MySQL vs MongoDB – Disk Usage Benchmark
For the purpose of this post I created a small case study with some benchmarks to provide you with some tangible comparison results. I built a sample data set which was stored in both MySQL and MongoDB in order to be compared for disk space usage. Since I have been working on software usage analytics for a while, I used a very basic sample data set that can be potentially used to store usage data in its most simplistic form. Now, before you go on to post comments such as “…but there are better ways to store that data…”, just keep in mind that this is not an optimization exercise. This test is simply intended to compare like with like between MySQL and MongoDB when it comes to disk space usage. For this test, assume we want to store daily data about every user. We will be storing the date, some form of user ID, the product version number, the build number and the language of the product installed on the user’s machine. We will also store some basic platform information such as the Operating System version and OS language as well as product usage statistics such as how many times the product was run and and how long the user spent interacting with the monitored product (represented in runtime minutes and sessions). These are shown in the table below:
|ID Field||Date||User ID||Product Version||Product Build||OS Version||OS Language||Product Language||Runtime Minutes||Sessions|
You may notice I have also added a field named “_id”. That is because MongoDB always stores such a field which is also indexed. This field can be filled with custom data or else MongoDB can create its own ID. For this sample, I’m filling all the fields with integers. In real life these may then be mapped to friendly names. The field names I used were all only 2 characters long.
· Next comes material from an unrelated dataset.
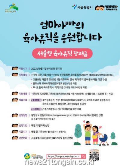 지원 대상은 ▲신청기준 서울시 1년 이상 거주 ▲중위소득 150% 이하 ▲2023년 1월부터 육아휴직을 시작해 연속 6개월 이상 지속 ▲고용보험 가입 후 육아휴직급여를 받는 부모 등이다.
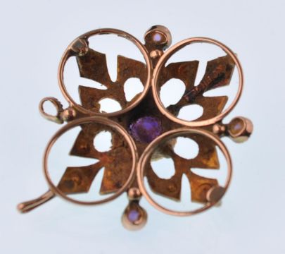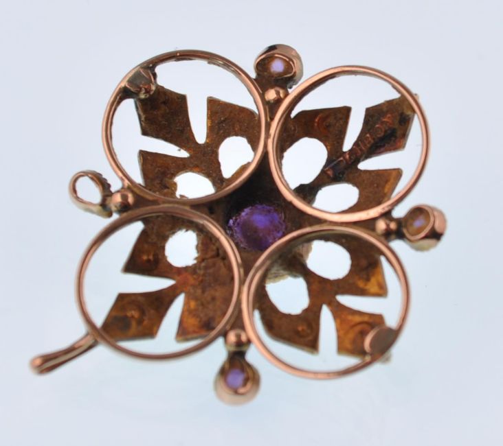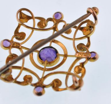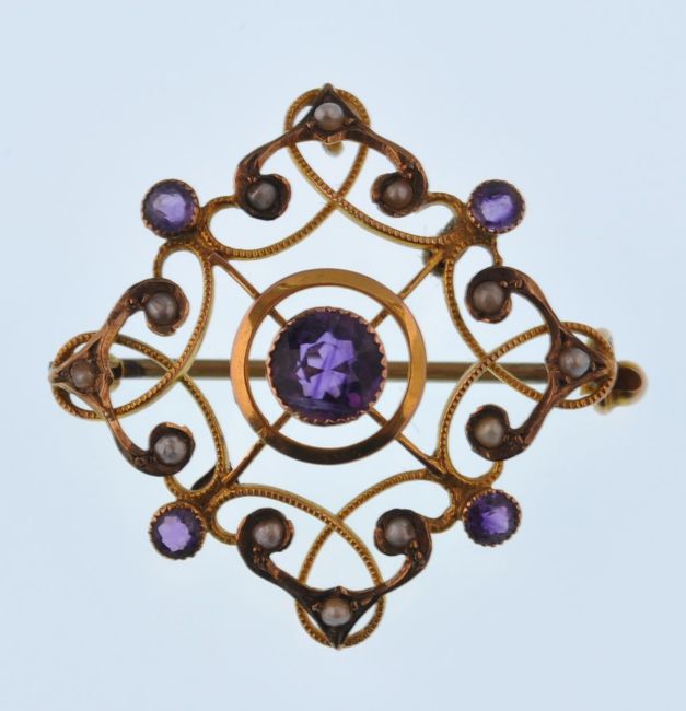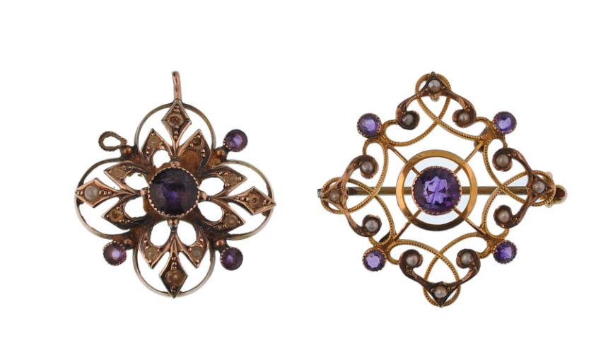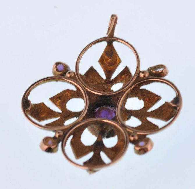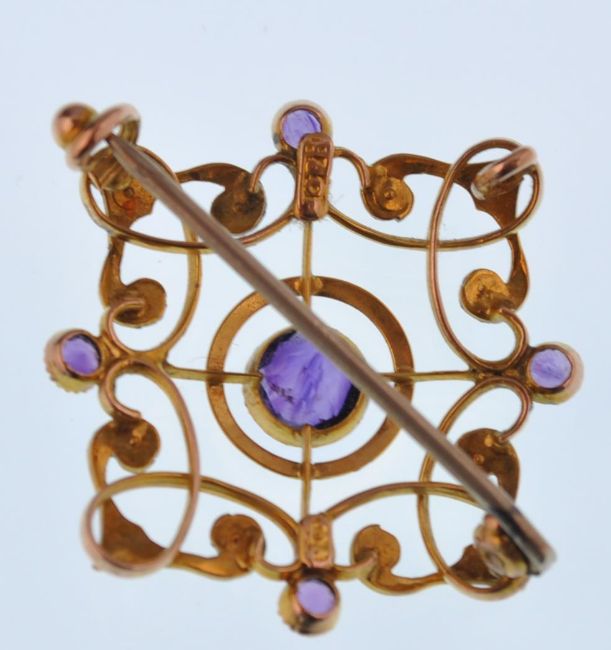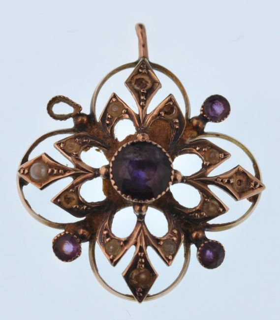 A Victorian art nouveau 9ct gold, seed pearl and amethyst ladies brooch of diamond form being filigree worked with amethyst and seed pearls together with a similiar 9ct gold necklace pendant with seed pearl and amethyst. Measures 3cms x 3cms  / pendant 2.5cms x 2.5cms

In MySQL this doesn’t make much difference, but in MongoDB, the longer the names, the larger the data that is stored, so here we try to keep the data as small as possible.
The test sample was built to simulate data collected from an application being used by 10,000 users daily for 365 days. Therefore, I inserted 3.65 million records. In MySQL I also added an index on the “_id” field so that we emulate the index that is forced by MongoDB on the said field. Since MySQL offers the option of compressing the data and the indexes, I also measured the data size with compression turned on. The results in the third column were obtained after enabling compression with a key block size of 4KB. The resulting data size was as follows:
4KB block size compression
|Data: 306MB||Data: 251MB||Data: 113MB|
|Index: 83MB||Index: 59MB||Index: 22MB|
|Total: 439MB||Total: 310MB||Total: 135MB|
As can be seen from the results above, MySQL consumed less storage space both in terms of the data and the index. This difference became much more significant when enabling compression where MySQL was consuming just 31% of the space consumed by MongoDB for storing the same data. Obviously, compression would then come at a cost of much slower writes due to the high amount of CPU cycles that would be consumed for compressing the data. So this has to also be taken into consideration. One should also point out that MongoDB can, in some scenarios, beat MySQL hands down when it comes to performance once the data is in RAM. However, if your IT budget is low and you cannot afford a server with enough RAM to host MongoDB, or if you are expecting a free performance boost, it might make more sense to stick with traditional RDBMS because switching to a technology like MongoDB might actually make your system run slower!